Uncertainty is also gripping the House, where this week two Republicans, Mr. Reichert and Mr. Dent, announced their retirements.
Their decisions, just months after Ms. Ros-Lehtinen, another center-right stalwart, said she would also leave, has Republicans fearing a wave of retirements going into next year. Representative Dave Trott of Michigan is considering retiring, and another Michigan Republican, Fred Upton, may retire or run for the Senate, according to multiple party officials.
“Is the House at risk? Absolutely,” Mr. Dent said.

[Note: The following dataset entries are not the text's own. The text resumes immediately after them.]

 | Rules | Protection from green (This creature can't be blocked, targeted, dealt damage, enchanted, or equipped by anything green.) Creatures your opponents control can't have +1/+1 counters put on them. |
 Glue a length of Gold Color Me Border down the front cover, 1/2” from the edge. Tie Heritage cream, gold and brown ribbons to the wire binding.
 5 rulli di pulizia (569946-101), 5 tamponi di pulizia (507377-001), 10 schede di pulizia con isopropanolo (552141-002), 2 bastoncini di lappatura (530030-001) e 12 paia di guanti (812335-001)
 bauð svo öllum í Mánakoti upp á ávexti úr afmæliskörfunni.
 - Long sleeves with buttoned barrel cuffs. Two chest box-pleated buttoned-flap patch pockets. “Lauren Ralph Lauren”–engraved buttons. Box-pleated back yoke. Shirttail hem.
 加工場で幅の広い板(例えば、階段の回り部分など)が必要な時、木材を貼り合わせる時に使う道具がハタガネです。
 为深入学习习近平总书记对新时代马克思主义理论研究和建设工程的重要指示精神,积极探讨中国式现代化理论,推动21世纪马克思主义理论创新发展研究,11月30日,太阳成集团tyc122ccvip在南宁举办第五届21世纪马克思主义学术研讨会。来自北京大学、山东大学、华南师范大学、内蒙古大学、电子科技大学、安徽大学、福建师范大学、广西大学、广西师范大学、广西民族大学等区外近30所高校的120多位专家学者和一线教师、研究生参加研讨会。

Mr. Dent’s announcement came a day after a pro-Trump candidate announced plans to run against him. That candidate, State Representative Justin Simmons, attacked Mr. Dent as a “ringleader” of opposition to the White House.
“I’m appalled by the way he’s acted in his votes since President Trump was elected,” Mr. Simmons said in an interview.

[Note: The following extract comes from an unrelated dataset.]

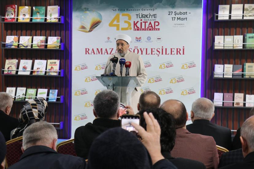 Fuarın açılışında konuşan Diyanet İşleri Başkanı Prof. Dr. Safi Arpaguş, "Bugün burada, '43. Kitap ve Kültür Fuarı'nın açılışı için bir aradayız. Malum olduğu üzere medeniyetimiz kitap medeniyetidir. İlim, irfan ve hikmet medeniyetidir. Zira medeniyetimize kaynaklık eden en temel unsur, ilk emri 'Oku' olan yüce bir kitaptır. O kitap bütün kitapların onun anlaşılması için kaleme alındığı, içinde bulunduğumuz bu mübarek ayda indirilmiş olan Kur'an-ı Kerim'dir. Yeryüzünde kitabın serüveni ilahi hitapla başlamıştır. İnsanlığı kitap ile tanıştıranlar da bu ilahi hitabın muhatabı olan peygamberlerdir. Cenab-ı Hak insanı yaratmış, ona kendi içlerinden seçip gönderdiği, kitabı ve hikmeti öğretecek peygamberler vasıtasıyla eşyanın hakikatini, varlığın hikmetini anlatan hidayet kaynağı kitaplar gönderrmiştir. Hazreti  Adem'den Hazreti Hatemü'l-Enbiya Efendimiz (Sallalahu Aleyhi Vesellem)'e kadar peygamberler vasıtasıyla insanlığın yolunu ve ufkunu aydınlatmış, onları hak ve hakikat ile buluşturmuştur. Bu silsilenin son ve cihanşümûl halkası olan kitap ise tüm insanlığı ilme, hikmete ve tefekküre davet eden aziz kitap, Kur'an-ı Kerim'dir.  Dolayısıyla bir kitap, ancak Kur'an'ın işaret ettiği ufku takip ettiği sürece hakikate yaklaşacak ve okuyucusunu hakikatle buluşturabilecektir." dedi.
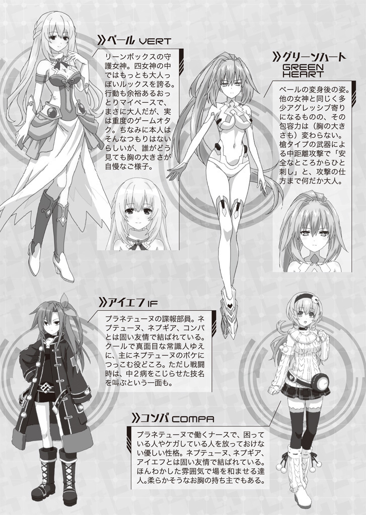 Introduction page of Vert, IF and Compa from the Hyperdimension Neptunia The Animation: TGS Honoo no Futsukakan novel.

While they have not gotten the same attention as the threats to Mr. Flake and Mr. Heller, about a half-dozen pro-Trump Republicans have opened primary challenges against Republican members of the House, accusing the incumbents of inadequate fealty to the president. The House Republican campaign arm has quietly started a new incumbent-protection effort called the “Primary Patriot” program.
Mark Harris, a North Carolina minister running against Representative Robert Pittenger in a Republican primary, said voters had plainly validated Mr. Trump’s agenda last year, and expect cooperation from the Republican-led Congress.

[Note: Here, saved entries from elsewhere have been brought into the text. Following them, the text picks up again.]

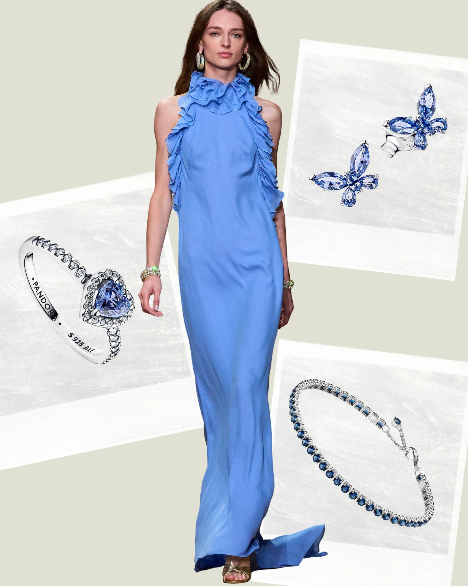 Az ezüst és a jégkék találkozása mindig tökéletes párost alkot. Friss, kristályos és könnyed. A karikafülbevalók vagy charmok fagyos ragyogása még éteribbé teszi a halványkék selymet, de ugyanolyan jól működik fehér, puha kötött darabokkal. Ez a páros a „tiszta glamour” téli verziója, szabálytalanul elegáns, és éteri.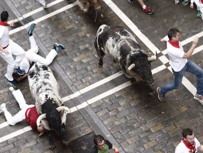 Los astados, de los que huyen las figuras por su fiereza, corren en Pamplona como corderitos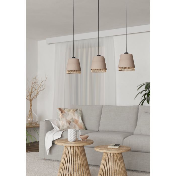 Φωτιστικό Κρεμαστό Τρίφωτο 3xE27 L890xH1100mm  Μέταλλο-Ξύλο-Ύφασμα Eglo Tabley 43976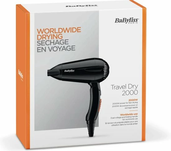 Heb jij ooit een reisf?hn gezien die zo krachtig is? De Travel Dry 2000 F?hn 5344E van BaByliss is d? krachtigste van het moment! Naast zijn kracht in wattage, blaast hij ook nog een 79 km/uur. Je hebt op reis je haar nog nooit zo snel droog gehad met een compacte reisf?hn. En omdat hij zo goed is, krijg je 3 jaar garantie op deze f?hn!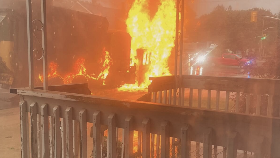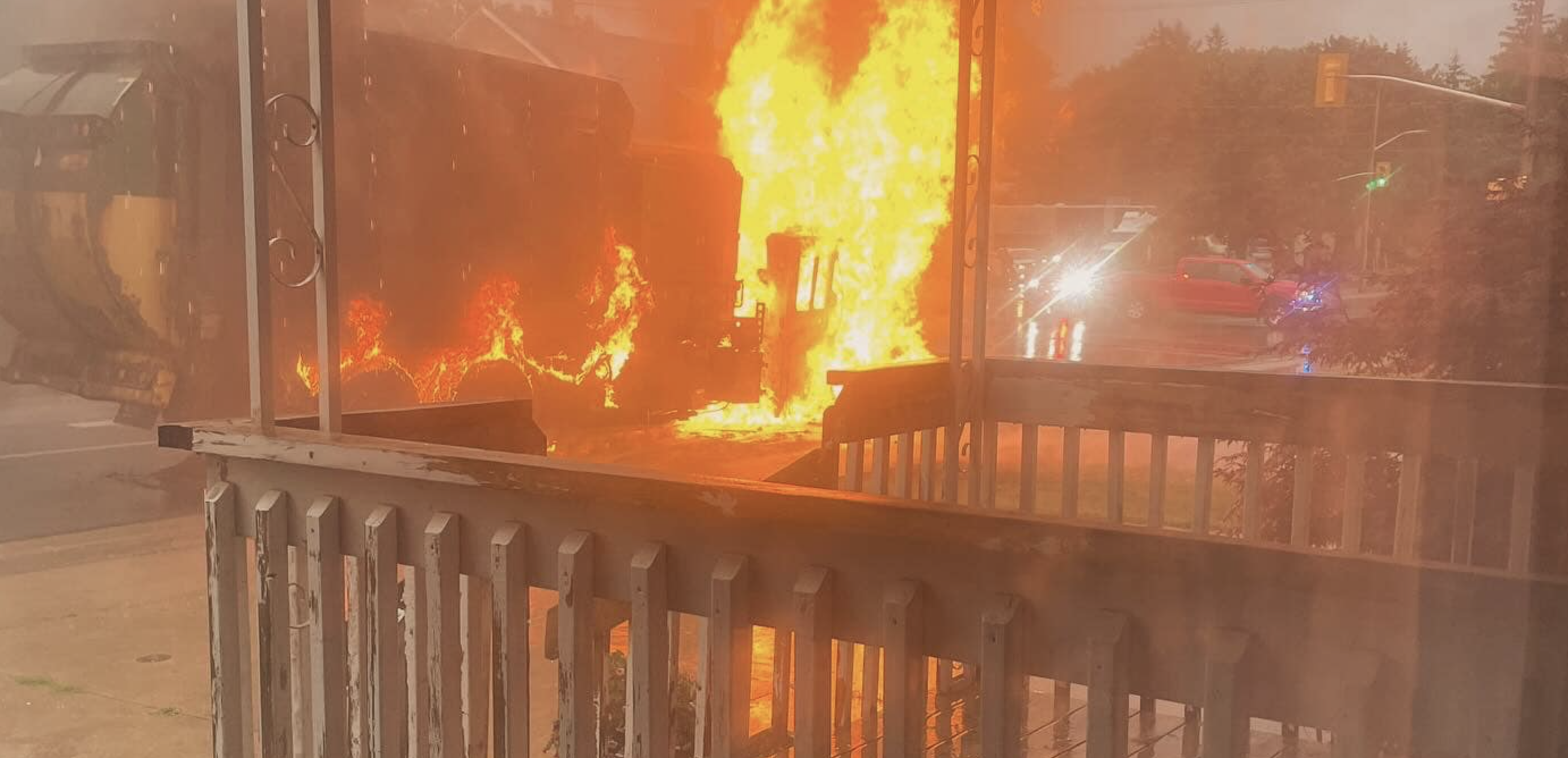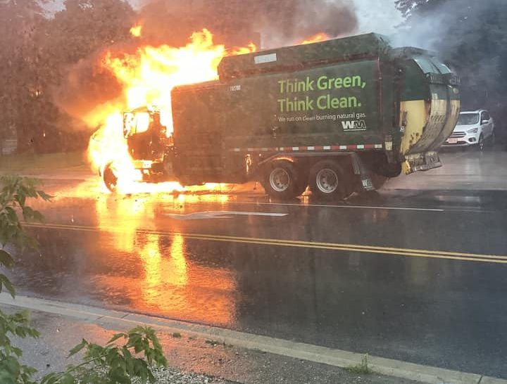 Photos and videos posted on Facebook show a Waste Management truck fully engulfed in flames, with fire billowing metres above and beside the truck while rain pours steadily.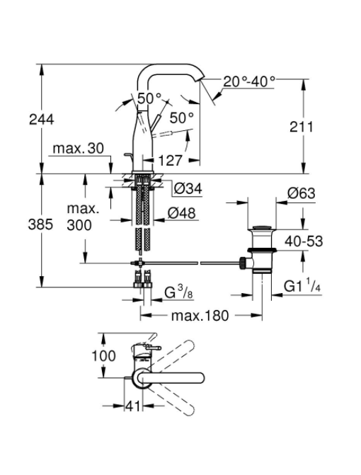 Якщо Ви мрієте створити ванну вашої мрії, подивіться на одноважільний змішувач для раковини зі стандартним виливом GROHE Essence. Його стрункий циліндричний корпус і елегантний вилив створять ідеальний образ для вашої ванної кімнати. Цей стильний моноблочний змішувач буквально наповнений технологіями GROHE. Керамічний картридж із технологією SilkMove® забезпечує ідеальний контроль за витратою та температурою води, завдяки ньому змішувач буде гарним доповненням для сімейних ванних кімнат. Багатошарове стійке до подряпин хромове покриття StarLight® збереже свій блиск на довгі роки. Монтаж на один отвір здійснюється дуже швидко з інноваційною системою QuickFix® Plus. Цей вражаючий змішувач чудово доповнює інші продукти в колекції, такі як змішувач одноважільний для душу Essence.

“The average person blames Congress for the failure to enact this president’s agenda,” Mr. Harris said. “And personally, I think they’re right.”
Mr. Trump will also leave his imprint on races beyond Congress by whom he chooses to support with his time and fund-raising power. Representative Jim Renacci of Ohio, a wealthy former auto dealer who is running for governor, said he had broached the subject of his race during an Oval Office meeting with the president, and Mr. Trump was tuned in.
“The president has always been supportive of Jim Renacci, because I’ve been supportive of him,” Mr. Renacci said.
But skeptics of the president say Mr. Trump simply does not understand that his own fate may well hinge on the success of the party’s candidates.
Congressional Republicans are “carrying water on the Trump agenda up to their eyeballs,” said Josh Holmes, a top lieutenant to Mr. McConnell, while “you’ve got a Democratic minority that is doing nothing less than trying to impeach the man.”
Republican frustrations boiled over this week after Mr. Trump torpedoed his own party on a fiscal deal, and then flew on Air Force One with Senator Heidi Heitkamp to North Dakota, where he handed Ms. Heitkamp, a Democrat, a ready-made commercial for her re-election next year by praising her as “a good woman.”
It was a vivid illustration of just how inconstant his enthusiasm for Republicans might be. Faced with a choice between helping his party weaken a vulnerable Democrat, and indulging a Democrat who has been nice to him and whose support he wants for a tax overhaul, Mr. Trump opted emphatically for the latter.